The Court of Appeal agreed with the lower court and held that the email could be referred to by Jonathan in connection with his unfair prejudice petition because its contents fell within the “unambiguous impropriety” exception to the without prejudice rule.  That exception applies where the exclusion of the evidence would act as a cloak for perjury, blackmail (as in this case) or other “unambiguous impropriety”.

The unambiguous impropriety exception requires the privilege itself to have been abused.   It was remarked by the court that it may be easier to show that there is unambiguous impropriety where there is an improper threat rather than where there is simply an unambiguous admission of the truth.  What was involved was an evaluation of whether the threats unambiguously exceeded what was “permissible in settlement of hard fought commercial litigation”.

Here the threats did unambiguously exceed what was proper.  This was not a case where there was a need to pick through many hours of recorded negotiations in order to make out a case of impropriety. The impropriety was apparent from the email itself, a single and carefully formulated document.

The brothers had gone far beyond what was reasonable in pursuit of civil proceedings, by making the threat of criminal action. Secondly, the threats were said to have serious implications for Jonathan’s family because of Jonathan’s wrongdoings. Thirdly, the threats were of immediate publicity being given to the allegations. The threat to publicise allegations of extreme severity against Jonathan and his partner, and within such a short timescale, placed improper pressure on Jonathan.   It did not matter that the brothers may have believed the allegations to be true.  They had made it clear that, if the offer was not accepted, they would use their control of the company to take the steps set out in the email. Whilst those steps might be steps which it might be proper for the company to take, if it had a genuine belief in some basis for them, it was wrong for them to be used as a lever to enable the brothers to get more for their shares.  Finally, there was no attempt to make any connection between the alleged wrong and the increased demand.

It would have been entirely possible for the brothers to have made an increased offer for the sale of their shares by reference to what they regarded as their increased value or because of what they perceived as the consequences for them personally as a result of increased prospects of the company succeeding in the company’s action.

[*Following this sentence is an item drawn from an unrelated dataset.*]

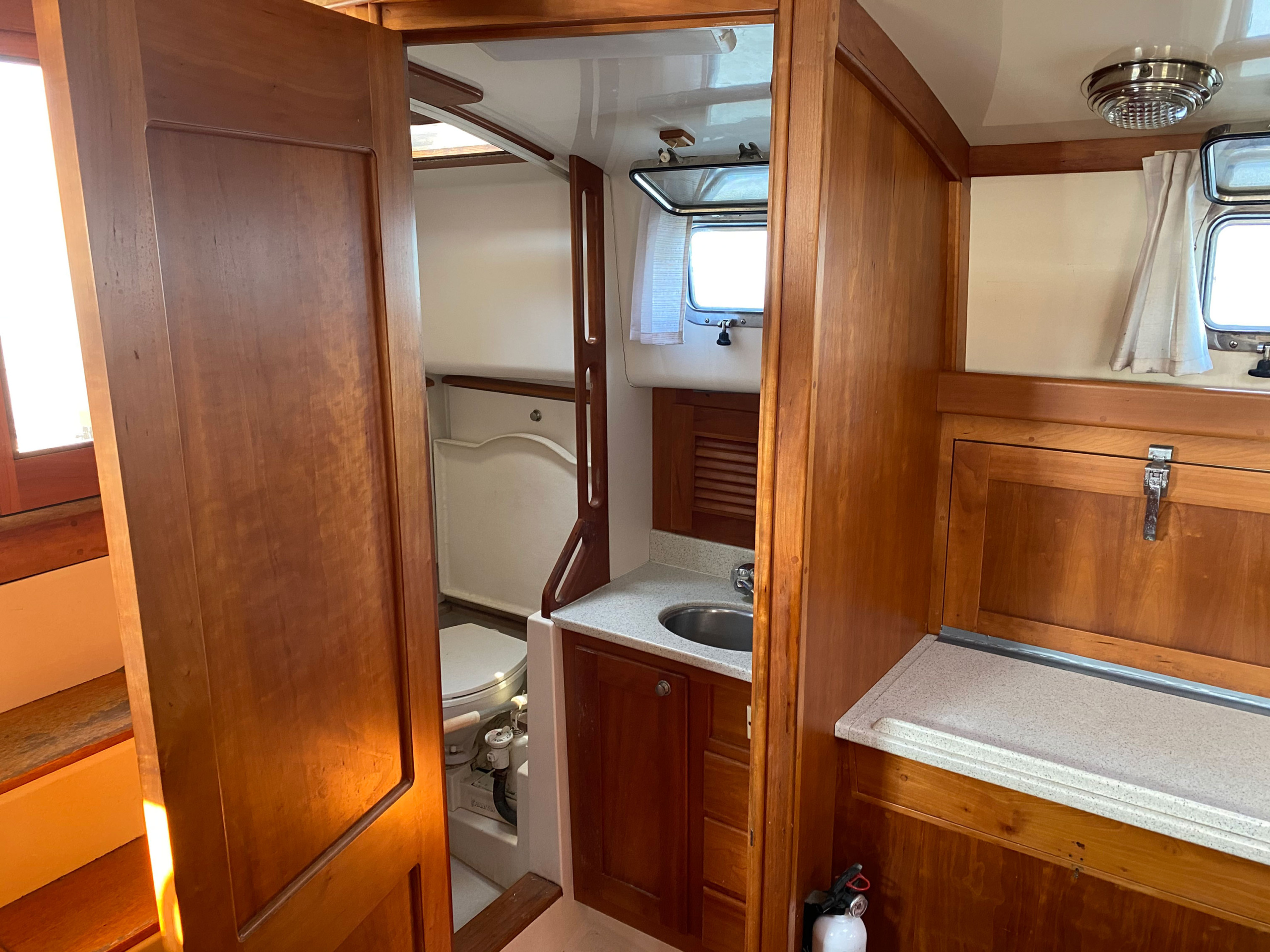 The galley features a large stainless steel sink with standard hot/cold faucet, a dedicated faucet with a Seagull water filter, and a handpump for either fresh or external water. The Avian counter tops offer plenty of workspace and the unique dish locker keeps dishes secure in any seas. Additional features include:

That was, however, not the offer which they chose to make.

Jonathan was therefore able to freely refer to the threatening email in connection with his unfair prejudice petition and the brothers lost the “without prejudice” protection that would normally apply.

Important points to consider when negotiating

When negotiating it is important to remember that the without prejudice rule does not apply to every negotiation situation.  It will only be engaged if there is an existing dispute and a genuine intention to settle it.  Even then it does not give a blanket protection.  This case shows the fine line between using leverage in negotiations and making improper threats.  In some situations threats may amount to blackmail.   The brothers, in this case, sent their offer via the mediator – illustrating the importance of consulting a lawyer when negotiating a settlement.